Background

One of the key challenges in the biosciences is finding hidden or buried information in biological networks. One of the main approaches to this challenge is to apply data analysis and clustering tools, and to visualize the results, usually in two-dimensional (2D) graphs. Some of the most prominent visualization tools are Cytoscape [1], Osprey [2], Medusa [3], ProViz [4], CNPlot [5]. Ondex [6], MAPMAN [7], Pajek [8] and Shark [9], BioLayout Express3D [10].

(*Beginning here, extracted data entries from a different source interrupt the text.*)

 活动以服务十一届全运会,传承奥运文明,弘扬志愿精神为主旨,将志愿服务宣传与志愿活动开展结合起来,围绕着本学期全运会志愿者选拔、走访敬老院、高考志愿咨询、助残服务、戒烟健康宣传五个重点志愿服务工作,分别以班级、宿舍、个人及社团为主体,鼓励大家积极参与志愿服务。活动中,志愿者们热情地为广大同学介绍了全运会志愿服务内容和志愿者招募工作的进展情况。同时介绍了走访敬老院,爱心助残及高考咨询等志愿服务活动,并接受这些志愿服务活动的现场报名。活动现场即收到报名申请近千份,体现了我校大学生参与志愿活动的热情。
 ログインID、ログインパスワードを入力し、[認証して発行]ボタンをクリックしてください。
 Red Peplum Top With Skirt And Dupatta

Several of these tools provide easy connection to, or import from, commonly used external data analysis and clustering tools, such as Mega [11, 12] or Hierarchical Clustering Explorer [13]. Furthermore, some visualization tools, such as Pajek [8], have analysis methods built in. We believe that tight integration of analysis and visualization is a key feature for such tools, since it allows users to experiment, to immediately see the results of analysis, and hence to quickly decide which analyses are most appropriate.

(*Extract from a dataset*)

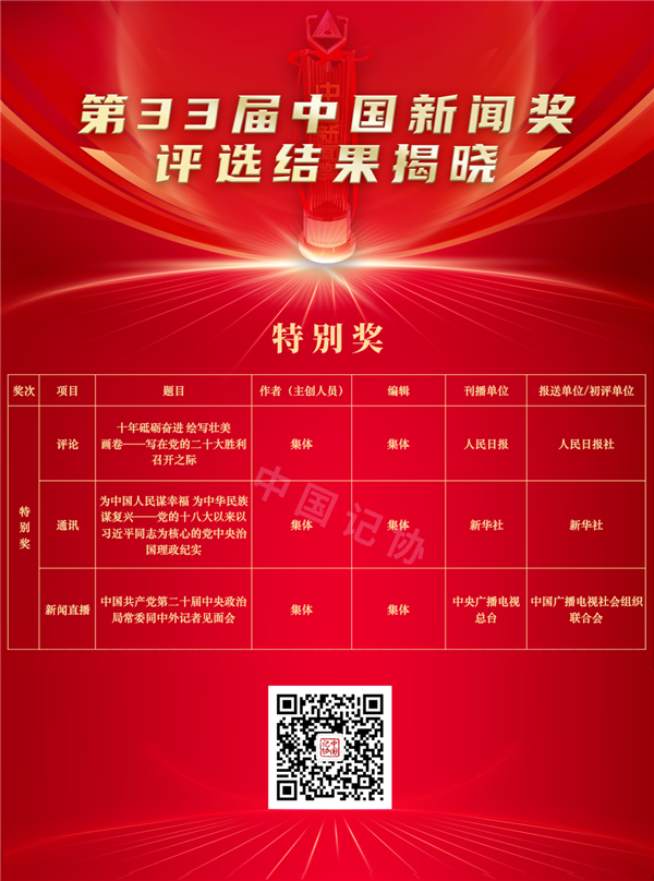 人民日報社評論《十年砥礪奮進 繪寫壯美畫卷——寫在黨的二十大勝利召開之際》、新華社通訊《為中國人民謀幸福 為中華民族謀復興——黨的十八大以來以習近平同志為核心的黨中央治國理政紀實》和中央廣播電視總臺新聞直播《中國共產(chǎn)黨第二十屆中央政治局常委同中外記者見面會》3件作品得到與會評委高度認同,獲選特別獎。

A major difficulty for these visualization tools is dealing with increasing complexity as the number of entities increases. After a certain number of nodes and edges – several hundreds or thousands – the graph becomes incomprehensible. As the biological databases grow, it is becoming increasingly apparent that the complexity of most biological process and systems simply overwhelms most graph visualization methods.

One possible solution to this problem is to visualize networks in three dimensions (3D) – a graph that is convoluted in 2D can sometimes be simplified when the same data is represented in 3D, primarily because graph vertices are much less likely to intersect in 3D. However, there are some disadvantages of 3D visualization – firstly, it can be computationally demanding; secondly, navigation in 3D requires a more complex user interface that can be difficult to learn.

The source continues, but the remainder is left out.